Genesys recommends that you use the nodetool utility that is bundled with your Cassandra installation package and that you make a habit of using the following nodetool commands to monitor the state of your Cassandra cluster.
ring
Displays node status and information about the cluster, as determined by the node being queried. This can give you an idea of the load balance and whether any nodes are down. If your cluster is not properly configured, different nodes may show a different cluster; this is a good way to check that every node views the cluster the same way.
nodetool -h <HOST_NAME> -p <JMX_PORT> ring
status
Displays cluster information.
nodetool -h <HOST_NAME> -p <JMX_PORT> status
compactionstats
Displays compaction statistics.
nodetool -h <HOST_NAME> -p <JMX_PORT> compactionstats
getcompactionthroughput \ setcompactionthhroughput
Displays the compaction throughput on the selected Cassandra instance. By default it is 32 MB/s. You can increase this parameter if you observe permanent growth of database size after the TTL and grace periods are passed. Note that increasing compaction throughput will affect memory and CPU consumption. Because of this, you need make sure to have sufficient hardware to support the rate that you have selected.
nodetool -h <HOST_NAME> -p <JMX_PORT> getcompactionthroughput
To increase compaction throughput to 64 MB/s, for example, use the following command:
nodetool -h <HOST_NAME> -p <JMX_PORT> setcompactionthroughput 64
Recovery
Depending on the replication factor and consistency levels of a Cassandra cluster configuration, the Knowledge Center CMS can handle the failure of one or more Cassandra nodes in the data center without any special recovery procedures and without interrupting service or losing functionality. When the failed node is back up, the Knowledge Center CMS automatically reconnects to it. If an eligible number of nodes have failed, you should just restart them.
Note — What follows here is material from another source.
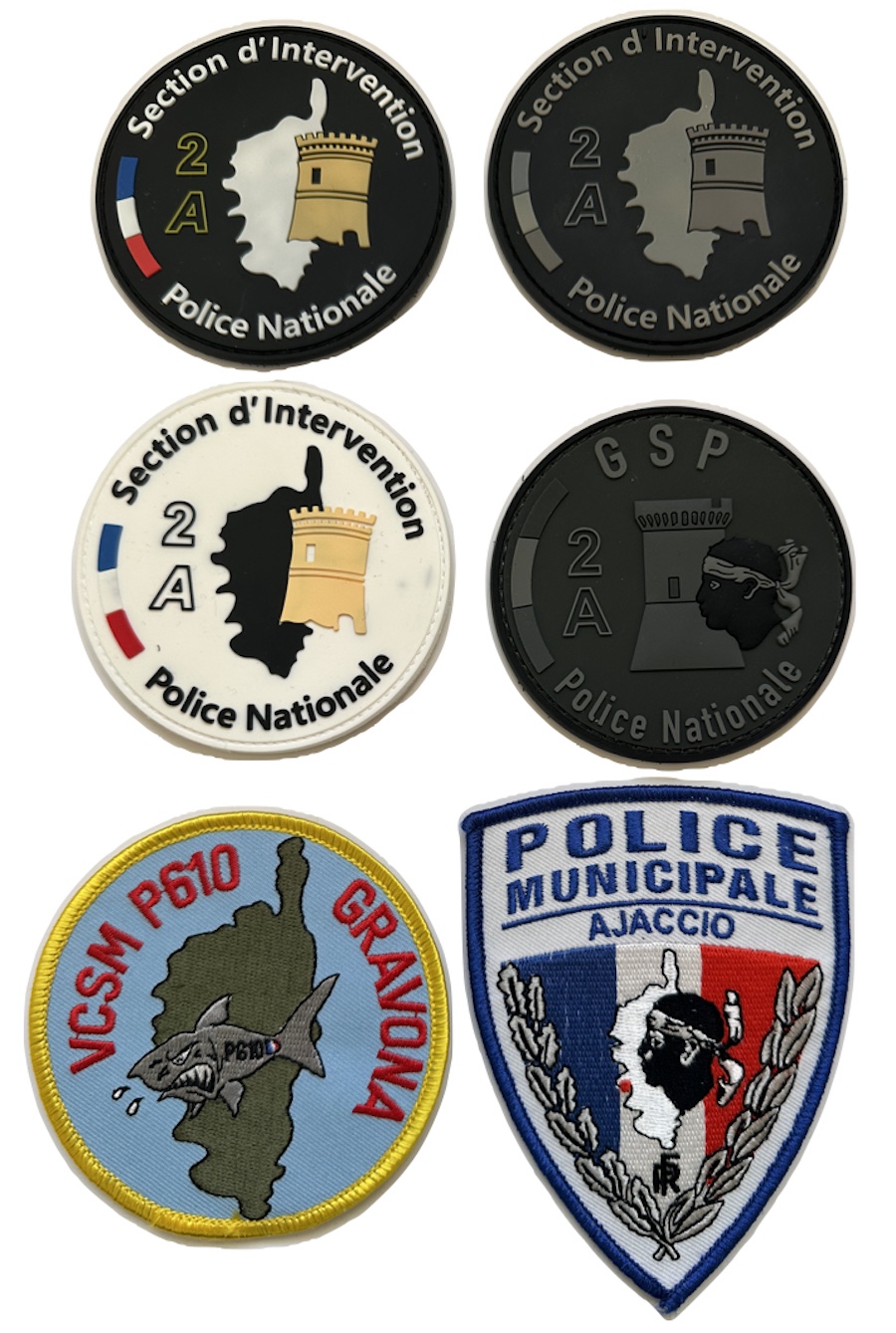 | Lot de 6 Tissus BRI et Police Nationale Corse divers | ||||

If too many of the Cassandra nodes in your cluster have failed or stopped, you will lose functionality. To ensure a successful recover from failure of multiple nodes, Genesys recommends that you:
- Stop every node, one at a time, with at least two minutes between operations.
- Restart the nodes one at a time, with at least two minutes between operations.